Dataset excerpts »
---+---

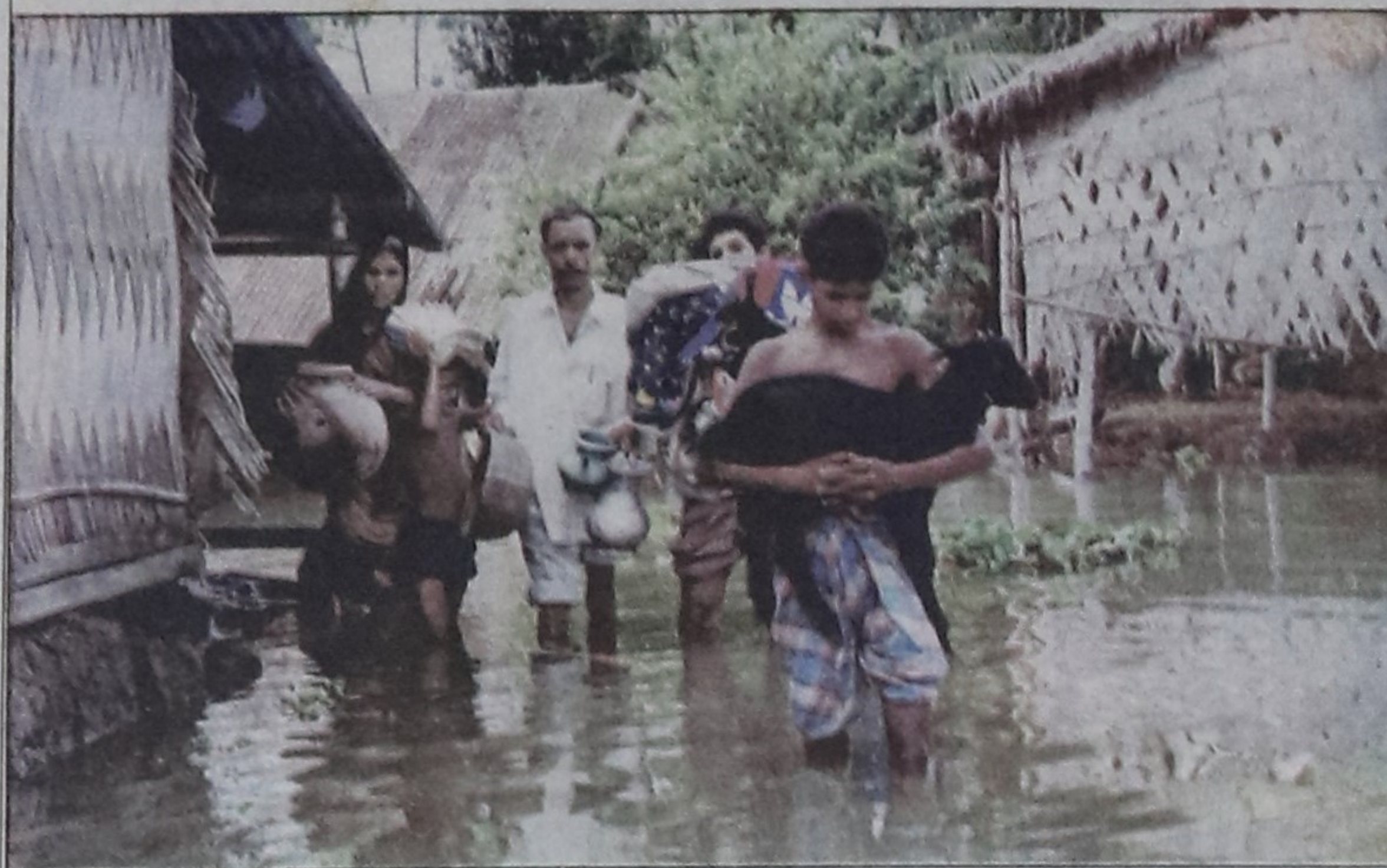
A vast area in the country's southwestern region is under water. As captured in the camera of Hossain Seraj, like many, the disaster has forced this family in Amuria village of Sadar upazila in Magura to move with whatever they could salvage, in search of high land (left) and some of the Bangladeshis stranded in India due to floods are seen braving their way into this side of the border as Bhomra land-port went under water (right).

From Benapoles, she will go to Puthkhal, one of the worst affected areas of Jessore district, by river and distribute relief materials among the flood victims.
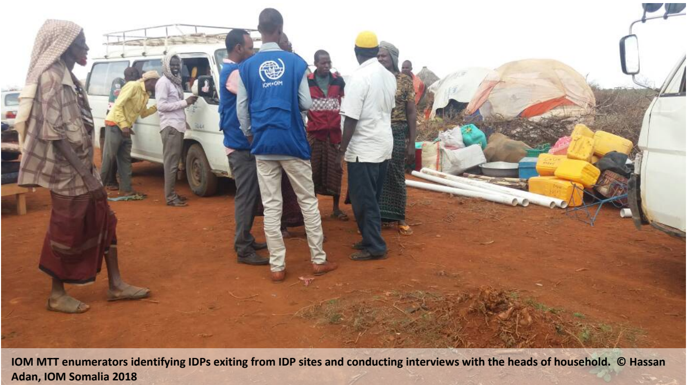
IOM MTT enumerators identifying IDPs exiting from IDP sites and conducting interviews with the heads of household.
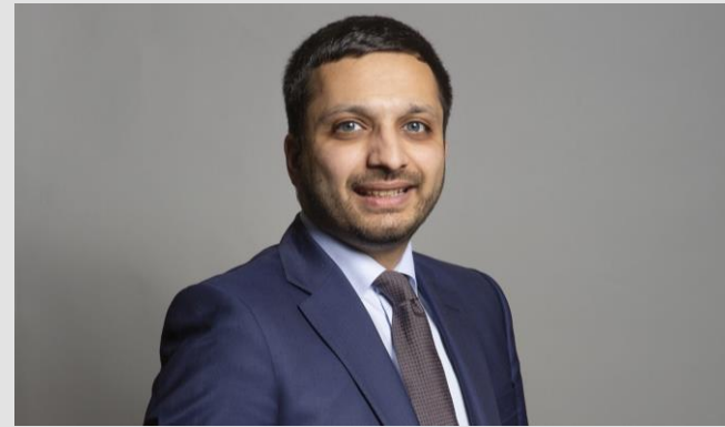
Sajib Bhatti Parliamentary Under Secretary of State

UK Net Zero Business Champion 2020-21; Adviser on Sustainable Infrastructure Investment 2021; PPS to Boris Johnson as Prime Minister 2021-22; Parliamentary Secretary (Minister for Policy and Head of the Prime Minister's Policy Unit), Cabinet Office 2022; Parliamentary Under-Secretary of State (Minister for Exports), Department for International Trade 2022; HM Treasury: Financial Secretary and City Minister 2022, Economic Secretary and City Minister 2022-
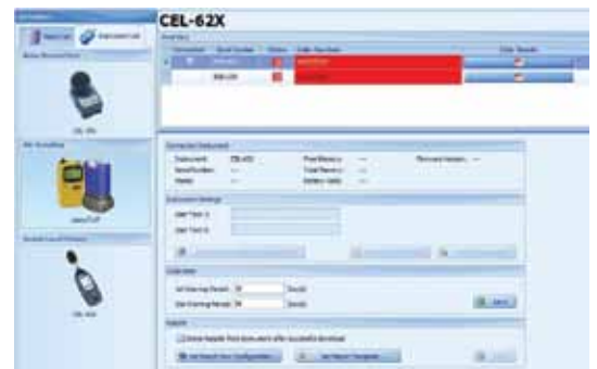
Instrument calibration and configuration screen
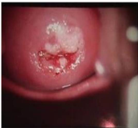
Fig. 1: Positive VIA test with Acetowhite area

After obtaining the Pap smear the cervix was painted with 3-5% freshly prepared acetic acid solution using sterile cotton swabs. The cervix was inspected after 1 minute and the results were noted as positive when there were distinct “acetowhite” areas and as negative when no “acetowhite” areas were seen.
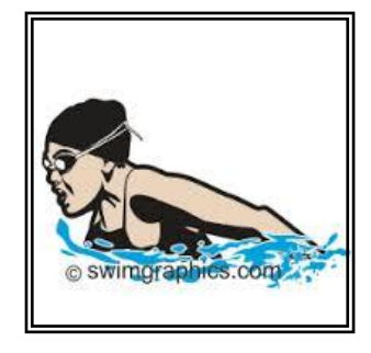
sw _ m _ er
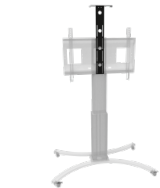
Video conference camera top shelf LITE series for displays from 65 - 86 inch
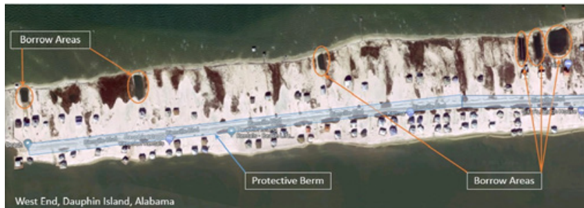
The map above shows the location of borrow pit areas created to build a protective berm on the West End of Dauphin Island. Restoring the borrow pits would strengthen the resiliency of the island and protect habitat for piping plovers, and other shorebirds.

A potential breach on the west end of Dauphin Island, like that experienced during Hurricane Katrina, would significantly alter salinity and water quality of the Mississippi Sound, negatively impacting oyster reef and fisheries habitat. The west end of Dauphin Island provides important nesting and foraging habitat for endangered and threatened species of shorebirds, including piping plovers. Dauphin Island regulates salinity regimes in the Mississippi Sound while protecting associated marsh habitat from storm-related damage.

---+---

Give the records a second time exactly, keeping the images out.

A vast area in the country's southwestern region is under water. As captured in the camera of Hossain Seraj, like many, the disaster has forced this family in Amuria village of Sadar upazila in Magura to move with whatever they could salvage, in search of high land (left) and some of the Bangladeshis stranded in India due to floods are seen braving their way into this side of the border as Bhomra land-port went under water (right).

From Benapoles, she will go to Puthkhal, one of the worst affected areas of Jessore district, by river and distribute relief materials among the flood victims.
IOM MTT enumerators identifying IDPs exiting from IDP sites and conducting interviews with the heads of household.
Sajib Bhatti Parliamentary Under Secretary of State

UK Net Zero Business Champion 2020-21; Adviser on Sustainable Infrastructure Investment 2021; PPS to Boris Johnson as Prime Minister 2021-22; Parliamentary Secretary (Minister for Policy and Head of the Prime Minister's Policy Unit), Cabinet Office 2022; Parliamentary Under-Secretary of State (Minister for Exports), Department for International Trade 2022; HM Treasury: Financial Secretary and City Minister 2022, Economic Secretary and City Minister 2022-
Instrument calibration and configuration screen
Fig. 1: Positive VIA test with Acetowhite area

After obtaining the Pap smear the cervix was painted with 3-5% freshly prepared acetic acid solution using sterile cotton swabs. The cervix was inspected after 1 minute and the results were noted as positive when there were distinct “acetowhite” areas and as negative when no “acetowhite” areas were seen.
sw _ m _ er
Video conference camera top shelf LITE series for displays from 65 - 86 inch
The map above shows the location of borrow pit areas created to build a protective berm on the West End of Dauphin Island. Restoring the borrow pits would strengthen the resiliency of the island and protect habitat for piping plovers, and other shorebirds.

A potential breach on the west end of Dauphin Island, like that experienced during Hurricane Katrina, would significantly alter salinity and water quality of the Mississippi Sound, negatively impacting oyster reef and fisheries habitat. The west end of Dauphin Island provides important nesting and foraging habitat for endangered and threatened species of shorebirds, including piping plovers. Dauphin Island regulates salinity regimes in the Mississippi Sound while protecting associated marsh habitat from storm-related damage.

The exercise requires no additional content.